The study area was the Catalonia region, north-eastern Spain. Aboveground fungal diversity data was obtained from the thorough monitoring of sporocarps in 133 permanent experimental and sample plots representing the main forest ecosystems (i.e., pure and mixed Quercus ilex, Pinus halepensis, P. nigra, P. sylvestris, P. pinaster and P. uncinata stands) throughout the study area with a wide range of variation in terms of stand structure, climatic conditions, soil characteristics, topography, and forest management intensity. All the sporocarps have been inventoried weekly during the main fruiting season (i.e., from August to December). Belowground fungal diversity data was obtained from high-throughput DNA sequencing based on soil sampling conducted 4 times per year. The precipitation at lower altitudes was the most influential driver in explaining fungal dynamics whilst temperature was more influential in higher altitudes. The fungal models obtained were forecasted for the frame of future climate change scenarios, predicting changes in fungal dynamics that may affect key ecosystem services such as carbon sinks and mushroom yields. Forest management practices could become a proper tool for increasing the resistance and resilience of the forests in the face of the expected global change. The upscaling of the project data with other worldwide data serve to demonstrate a positive relationship between productivity and diversity of the forest ecosystems. All the results were disseminated to the different target publics using specific channels. The scientific community was addressed by scientific publications and conference and workshop participation, while forest managers and policy makers were the main target when we published technical reports and divulgative publications. The MultiFUNGtionality results were voiced to the general public using media channels (TV or newspapers) as well as conferences and exhibitions.

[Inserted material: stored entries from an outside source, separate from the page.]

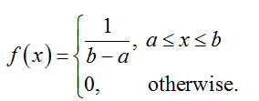 Give an expression for a uniform probability distribution f(x), observing the curve where it has a value only on the range of a <= x <= b.
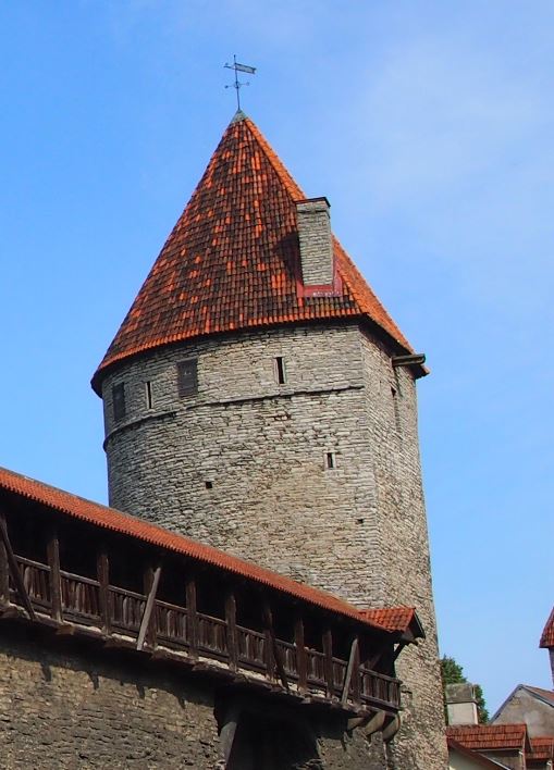 修道女の塔(Eppingi torn)はタリン旧市街の中心にある城壁の一つで、有料ですが螺旋階段を登って城壁の上を歩けます。塔の内部にも入れますが城壁の壁はかなり厚いです。それに比べて赤レンガの部分は木組みの脆い造りでした。
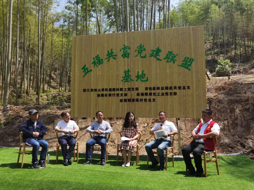 5月25日,园林学院风景园林学科教工党支部与安吉县林业局机关党总支、安吉农商行报福支行党支部、报福镇绿色工业党支部、报福镇景溪村党总支部在安吉县报福镇共同签订“五福共富党建联盟”合作协议。风景园林学科教工党支部书记徐文辉及教工党员代表参与签约仪式,并参加“竹林下话共富座谈会”做交流发言。
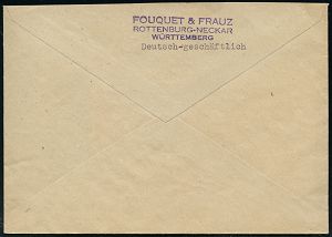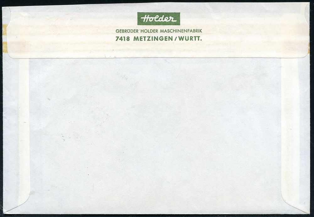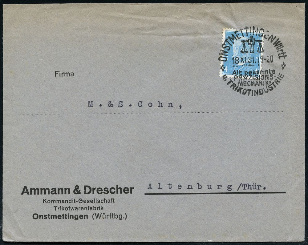 4725 | 15 € | POSTLEITRAUM 7400 (OHNE REUTLINGEN u. TÜBINGEN) : ONSTMETTINGEN Württ/ .PRÄZISIONS-/ MECHANIK/ u.TRIKOTINDUSTRIE 1931 (19.XI.) HWSt ohne Datumsrahmen (Waage) Firmen-Bf.: Ammann & Drescher KG, Trikotwarenfabrik.. (rs. fehlt Klappe) (Bo.1 Type I) | ![]() | |
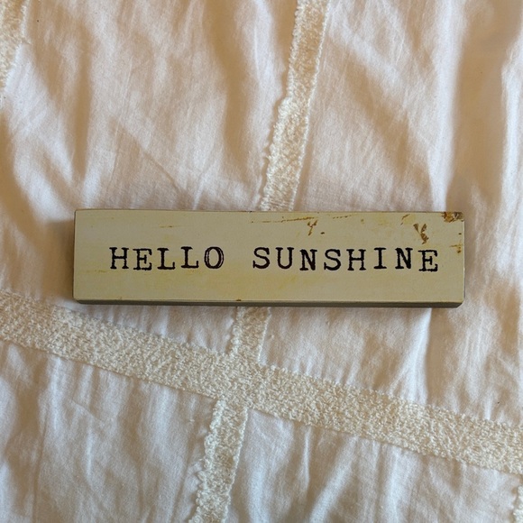 Brighten your space with this charming rustic cream wall sign featuring the phrase 'Hello Sunshine'. Perfect for adding a touch of warmth to any room.
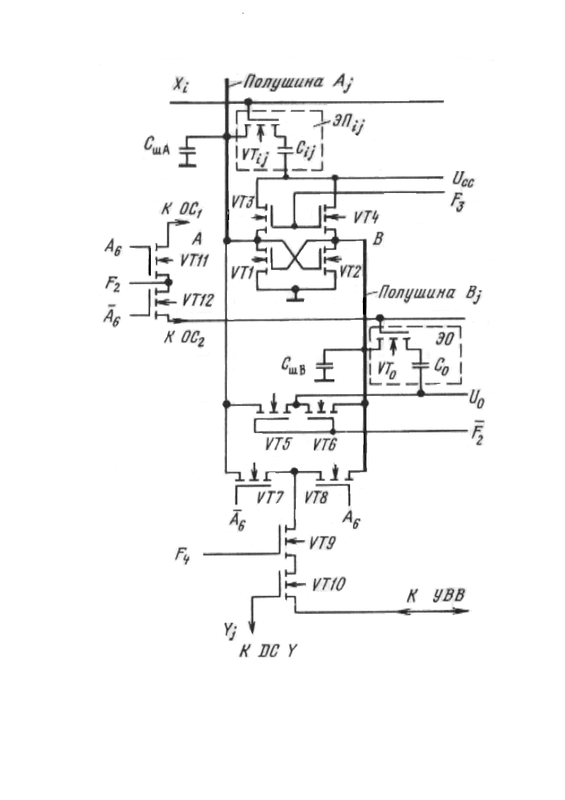 Элемент памяти собран по одно-транзисторной схеме и включает конденсатор Cij. Транзистор выполняет функции ключа: при сигнале на адресной шине строки Xi=1 он открывается и соединяет конденсатор Cij с j-разрядной шиной. Предварительно в паузах между обращениями к накопителю емкости полушин США и СШБ заряжает источник напряжения UO через открытые ключевые транзисторы VT5 и VT6. При обращении к накопителю эти транзисторы закрываются и изолируют полушины Aj и Bj от источника напряжения UО
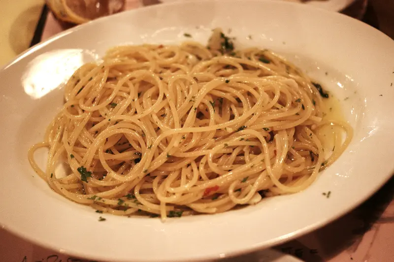 올리브 오일의 풍미가 가득한 알리오 올리오 스타일 파스타는 깔끔하면서도 깊은 맛을 자랑합니다.

Progress beyond the state of the art and expected potential impact (including the socio-economic impact and the wider societal implications of the project so far)

Forest fungi represent a major biodiversity component of terrestrial ecosystems, including Mediterranean forests, in terms of both taxonomic and functional diversity, and contribute to key ecosystem processes and services. Whereas fungal diversity affects ecosystem services and dynamics, the opposite is also true. The interactions between environmental and anthropogenic drivers such as climatic variation, atmospheric deposition and soil characteristics, coupled with forest dynamics and disturbances, determine fungal diversity and community structure depending on the functional traits, ecological strategies and habitat preferences of forest fungi. MultiFUNGtionality focused on filling the existing gaps in knowledge in order to understand and predict how environmental and anthropogenic drivers shape Mediterranean forest fungal diversity and communities, and the subsequent impact in the provision of multiple ecosystem services within an adaptive forest management-oriented framework. The project results confirmed the extreme relevance of the climate and weather on the fungal communities’ composition. The project predicts that the expected driest and warmest climate in the Mediterranean forest ecosystem will have relevant impacts on fungal dynamics, consequently affecting their related ecosystem services. To summarize: our results confirmed the direct impact of global change on societal well-being due to alterations in fungal communities that are key players in capturing carbon in the soil, supporting forest health and diversity, and more concretely, influencing other relevant ecosystem services such as mushroom picking activities. Forest management should act as a tool for minimizing such impacts.